Все его товарищи по объединению, где он работал, – оно называлось «Технопромимпорт» – уже были арестованы. Папа по болезни… к счастью, он заболел, это страшно говорить – «к счастью», но тем не менее только его болезнь – он был болен злокачественной анемией, так называемой бирмеровской анемией, которую теперь лечат, а тогда не лечили, – дала ему возможность умереть в собственной в постели, а не в камере. Но в нашем доме творилось что-то невероятное. Дом был построен сотрудниками посольств, торгпредств и прочее. Огромный дом. И каждый день десятками гасли окна. Наш дворник, который всегда должен был ходить как понятой, через несколько месяцев попал в сумасшедший дом от недосыпа. Потому что днем он скреб снег, а ночью ходил по квартирам.
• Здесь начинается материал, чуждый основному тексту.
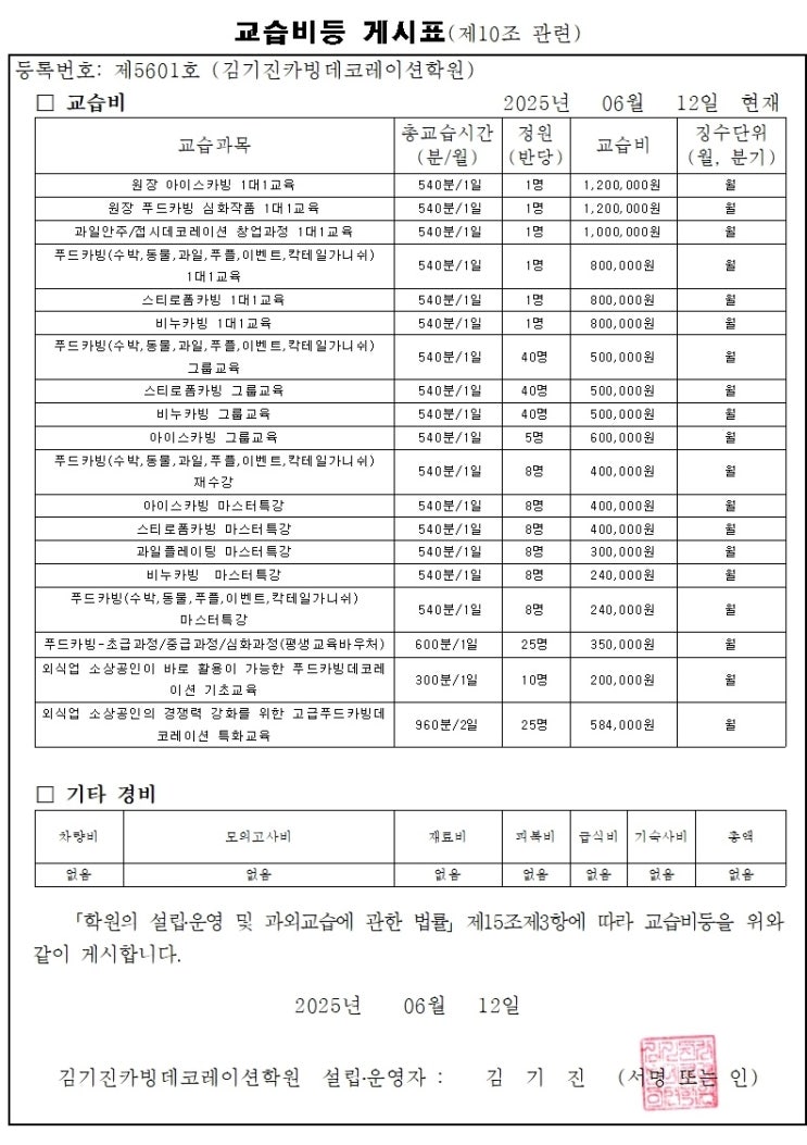 김기진카빙데코레이션학원_교습비 게시표

Я слышала, как папа не спит. Он очень много лежал в больницах, но между больницами, возвращаясь домой, он не спал, он ходил по своему кабинету взад-вперед. Был чемоданчик с приготовленными бритвенными принадлежностями, полотенцем, мылом. Мама тоже ходила в ужасе, сушила сухари и складывала в мешочек, и каждый шаг на лестнице… Лифт поднимается – наконец у нас появился лифт, на каком-то втором или третьем году нашей жизни в Москве, и он так плохо был изолирован, что слышен был каждый подъем, – и ужас, как только поднимается лифт после девяти-десяти – все вздрагивают, все дрожат. И в этом страхе жила не только наша семья. Я видела и вокруг этот живой, теплый страх, не выдуманный, а составляющий все-таки основу жизни. Я помню очень хорошо, как однажды ночью гуляла с Юрой Шаховским по Москве. Было пусто и тихо, машин почти не было, но то и дело проносились огромные грузовики, накрытые брезентом, с надписью «Мясо», «Рыба», «Хлеб». Мы расстались на рассвете у моего дома, и я, погруженная в себя, шла по двору. И вдруг увидела, что навстречу, как-то чуть покачиваясь, приближается папин приятель в сопровождении двух незнакомых мужчин в штатском, которые ведут его под руки. Я к нему кинулась, говорю: «Куда это вы в такое время?» – а те мне: «Проходите, проходите!» И в эту секунду я поняла, что его арестовывают. И действительно: оглянулась, увидела, что его заталкивают в такой грузовик с брезентовым кузовом. Представляете себе, девочка в шестнадцать лет видит такую сцену, как знакомого человека запихивают в машину, не дают сказать слова… Обо всем этом, конечно, полезно напомнить тем, кто забыл, и рассказать тем, кто не знает. Мне хотелось бы передать это молодым… Чувство страха – это чувство, которое трудно себе вообразить, если ты его никогда не испытал, это что-то, что тебя никогда не оставит, если ты раз пережил, но которое себе трудно представить. Нужно в какой-то форме его пережить. Это, может быть, из самых сильных стрессовых состояний, когда ты не знаешь, что будет с тобой через минуту, через час, через день. И с этим чувством, мне-то казалось тогда, жило все городское население. Но – я подойду к этому дальше – когда началась война, я увидела, что не только городское, но и деревенское тоже.